Falling in Love with My Father in the Snow
Because when we came to America,
the landscape was black and white,
snow and dark bark like the blotted print of
the New York Times he read on Sundays.
Because he brought us here in January,
when sleet swept across the horizon,
like a curtain to erase what I had
known before, the colours of an island.
Because when he drove a car, held a steering
wheel in his hands, a faucet to turn off,
on. He was happy as traffic rushed by
in the streams of water he was so thirsty for.
Morning Flight
It is not a hearse exactly, as the black
taxi van beams through the night,
makes a way through the curved
Bermuda lanes, to pick me up. Not
an out of body experience exactly,
as the radio cab clicks in and out,
with locations, streets my memory
might scan near death, now packs
for the journey: South Shore, Sandys,
Hamilton, Flatts Inlet, Salt Kettle.
As if the driver turned over in her sleep,
mutters details from a good day’s work.
Not resurrection exactly as the flight
takes me up into an even blue, where
turbulence smooths out like rumpled
clothes in my baggage will after spin/dry.
Rock Solid
Bermudians don’t need rocking chairs
to cool out, relax. The ocean will do
with the tide quick-sanding the beach,
leaving while arriving, such a sway of water.
Bermudians remember the hand steadies
the boat slapping up to the dock like
a pup to a bitches teat, jumps up in the air.
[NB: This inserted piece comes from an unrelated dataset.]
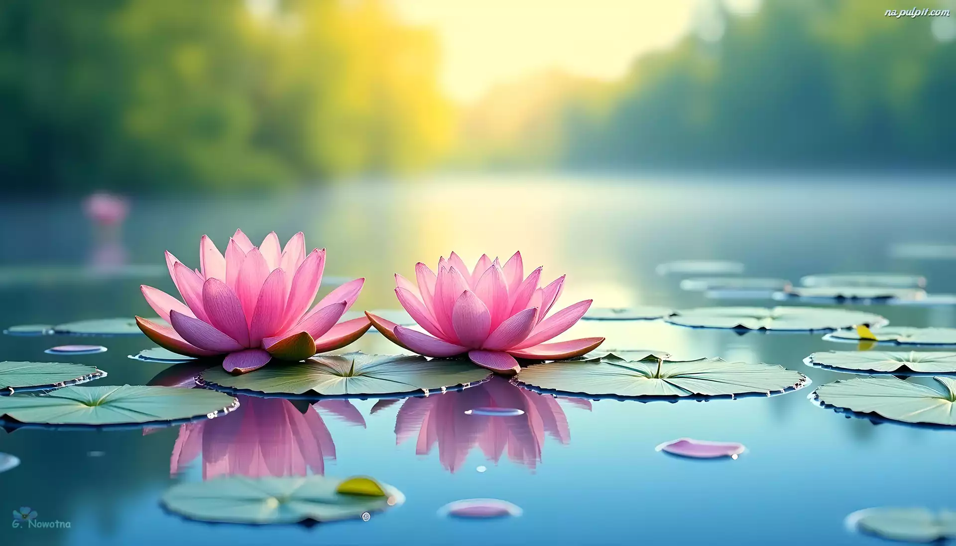 Lilie wodne, Różowe, Kwiaty, Grafika Na Pulpit

Bermudians need a solid chair while they
watch the horizon, waves rise up like
children to peek over the flat line fence,
to see what is beyond, not being tilted
back, forth bringing it in, out of focus.
Island Bound Mail
The sign at the Post Office
shows what a terrorist
package might look like.
Just like the one I send,
has a clump of stamps in
the shape of Matisse’s Snail.
A school of fish swims
the front, headed up
for the surface. Bits of
scotch tape here, there,
like a snapper scaled.
And the loose brown
package paper, a sweater
a sibling hands down
to you, big, baggy,
the Shetland Wool
unravels into the string
wound round and round.
The postmistress asks if
anything is explosive
inside. I want to say Yes!
Books have been known
to cause revolutions, pages
turning, fan many a fire!
The non-terrorist package
has the US Postal Eagle.
Swift, eyes anything out
of uniform, what strays across
lines, roams 3rd class mail, it
is eager to pick up in tallows.
I is for Immigrant
The vertical you become
leaving your country.
I is for how you see
differently, eye pupils learn
another country. I is for
I’m a migrant now. I is
for the two stitches sewn
across a border, top one
holds the fray of exit,
bottom, the pull of return.
Shakespearean
We stare at the jaws of the white shark,
teeth sharp as cut diamonds for
a Harry Winston necklace.
They must have had their own
beauty, a tiara shimmering in
the silk of the dark undersea.
But we cannot look without
seeing ribbons of red, the un-packaged
human. Neither can we look
at its snare without remembering
the slaves harvesting bright jewels
in a dark pit in Africa. Beauty
and treachery so close, so
much a part of the ocean where
the lionfish, dazzling as
a sequined evening purse,
hordes and steals, floats in
with its striped Shakespearean collar.